Imagine that instead of changing a car's oil every 3000 miles, drops of the oil could be tested to determine when it needed to be changed. This might never be done for cars because the testing is more expensive than just changing the oil. But when it comes to electrical high-voltage substations, it is too expensive not to engage in the predictive and diagnostic maintenance (PdM) that PECO, an electric and natural gas utility subsidiary of Exelon Corp., is using to proactively manage transmission and substation maintenance.

PECO's approach to maintenance drives greater productivity, avoids equipment failures and outages, provides costs savings and supports the utility's environmental goals of preventing oil spills and greenhouse-gas leaks. Work plans directly link the work of maintenance technicians, engineers and planners to the utility's strategies. This approach adds up to operational excellence, which is the ultimate objective.
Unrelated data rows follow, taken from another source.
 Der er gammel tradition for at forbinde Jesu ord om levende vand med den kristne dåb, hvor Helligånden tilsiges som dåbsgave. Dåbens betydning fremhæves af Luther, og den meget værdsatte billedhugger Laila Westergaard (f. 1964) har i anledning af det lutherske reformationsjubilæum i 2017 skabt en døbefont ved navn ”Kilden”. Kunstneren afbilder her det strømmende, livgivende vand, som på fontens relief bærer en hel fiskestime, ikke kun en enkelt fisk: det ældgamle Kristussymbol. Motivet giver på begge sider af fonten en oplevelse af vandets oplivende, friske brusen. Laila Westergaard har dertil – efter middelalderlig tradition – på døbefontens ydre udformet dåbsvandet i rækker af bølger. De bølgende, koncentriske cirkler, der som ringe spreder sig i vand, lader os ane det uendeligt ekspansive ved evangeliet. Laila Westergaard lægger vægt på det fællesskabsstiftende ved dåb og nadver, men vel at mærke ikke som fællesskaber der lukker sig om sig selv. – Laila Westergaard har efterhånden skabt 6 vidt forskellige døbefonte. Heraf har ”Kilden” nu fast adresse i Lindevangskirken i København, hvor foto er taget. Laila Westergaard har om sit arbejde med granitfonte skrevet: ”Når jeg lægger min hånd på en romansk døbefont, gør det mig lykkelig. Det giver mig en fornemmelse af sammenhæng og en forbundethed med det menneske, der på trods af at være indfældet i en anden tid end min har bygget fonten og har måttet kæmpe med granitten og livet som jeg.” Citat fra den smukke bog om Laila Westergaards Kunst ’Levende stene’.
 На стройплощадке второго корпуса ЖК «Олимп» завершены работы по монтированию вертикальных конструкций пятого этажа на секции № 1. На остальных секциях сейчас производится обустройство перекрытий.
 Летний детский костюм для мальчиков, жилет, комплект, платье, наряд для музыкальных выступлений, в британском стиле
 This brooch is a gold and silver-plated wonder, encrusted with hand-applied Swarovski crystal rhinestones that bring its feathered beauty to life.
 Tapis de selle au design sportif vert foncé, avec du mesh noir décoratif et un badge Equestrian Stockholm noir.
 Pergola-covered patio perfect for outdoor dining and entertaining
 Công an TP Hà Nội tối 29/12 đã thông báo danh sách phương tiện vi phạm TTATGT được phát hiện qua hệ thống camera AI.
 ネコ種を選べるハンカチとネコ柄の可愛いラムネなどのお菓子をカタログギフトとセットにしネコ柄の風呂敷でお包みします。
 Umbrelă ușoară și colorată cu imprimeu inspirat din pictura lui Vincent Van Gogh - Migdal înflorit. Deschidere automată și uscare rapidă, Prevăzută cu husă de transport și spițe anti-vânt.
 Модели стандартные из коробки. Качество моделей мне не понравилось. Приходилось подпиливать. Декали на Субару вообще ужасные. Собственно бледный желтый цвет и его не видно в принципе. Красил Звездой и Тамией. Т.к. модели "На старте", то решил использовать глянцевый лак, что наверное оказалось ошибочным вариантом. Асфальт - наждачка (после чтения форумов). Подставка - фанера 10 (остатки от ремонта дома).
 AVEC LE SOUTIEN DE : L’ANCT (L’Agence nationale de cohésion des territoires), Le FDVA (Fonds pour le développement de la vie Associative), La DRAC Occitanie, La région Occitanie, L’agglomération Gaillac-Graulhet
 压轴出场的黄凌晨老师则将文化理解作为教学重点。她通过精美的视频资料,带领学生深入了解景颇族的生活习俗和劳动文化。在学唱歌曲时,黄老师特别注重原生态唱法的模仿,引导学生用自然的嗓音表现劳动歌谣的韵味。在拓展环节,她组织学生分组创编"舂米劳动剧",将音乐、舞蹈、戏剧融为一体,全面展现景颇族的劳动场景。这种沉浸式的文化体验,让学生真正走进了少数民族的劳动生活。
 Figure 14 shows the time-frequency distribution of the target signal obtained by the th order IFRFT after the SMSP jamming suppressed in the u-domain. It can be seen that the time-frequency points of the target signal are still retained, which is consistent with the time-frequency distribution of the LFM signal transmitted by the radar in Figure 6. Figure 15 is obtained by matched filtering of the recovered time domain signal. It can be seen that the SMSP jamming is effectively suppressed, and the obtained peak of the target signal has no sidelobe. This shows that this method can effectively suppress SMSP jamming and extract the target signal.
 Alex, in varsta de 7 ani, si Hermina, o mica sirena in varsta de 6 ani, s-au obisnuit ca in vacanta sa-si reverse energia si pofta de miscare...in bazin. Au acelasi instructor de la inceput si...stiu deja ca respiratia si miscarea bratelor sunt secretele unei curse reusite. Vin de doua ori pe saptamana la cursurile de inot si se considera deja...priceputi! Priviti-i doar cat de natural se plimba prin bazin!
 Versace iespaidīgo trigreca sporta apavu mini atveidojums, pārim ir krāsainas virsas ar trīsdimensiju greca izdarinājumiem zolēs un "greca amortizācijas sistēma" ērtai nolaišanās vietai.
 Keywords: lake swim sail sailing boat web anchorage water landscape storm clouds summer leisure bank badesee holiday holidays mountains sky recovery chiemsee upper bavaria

The Right Maintenance Programs

The alternative to PdM is time-based maintenance, which is much more labor intensive, ineffective at identifying problems that develop between scheduled inspections and not as cost effective.

For utilities, PdM has moved far beyond simply looking at the dipstick, to continue the car analogy. Predictive maintenance technology has drastically changed over the last few years. Substation technicians are using oil sampling, infrared thermography, visual inspections, acoustical monitoring, SF6 gas detection cameras and other practices to proactively manage maintenance to ensure system reliability. Comprehensive data collection and analyses is critical. Technicians collect and evaluate more than 50,000 data points every month.

With predictive maintenance, as it relates to general equipment in the substation and the need to maintain it, data is collected on equipment. The data is then turned into information to identify issues. The issues are taken care of before any components break down. As a result, equipment is maintained before it fails. This approach reduces maintenance costs significantly.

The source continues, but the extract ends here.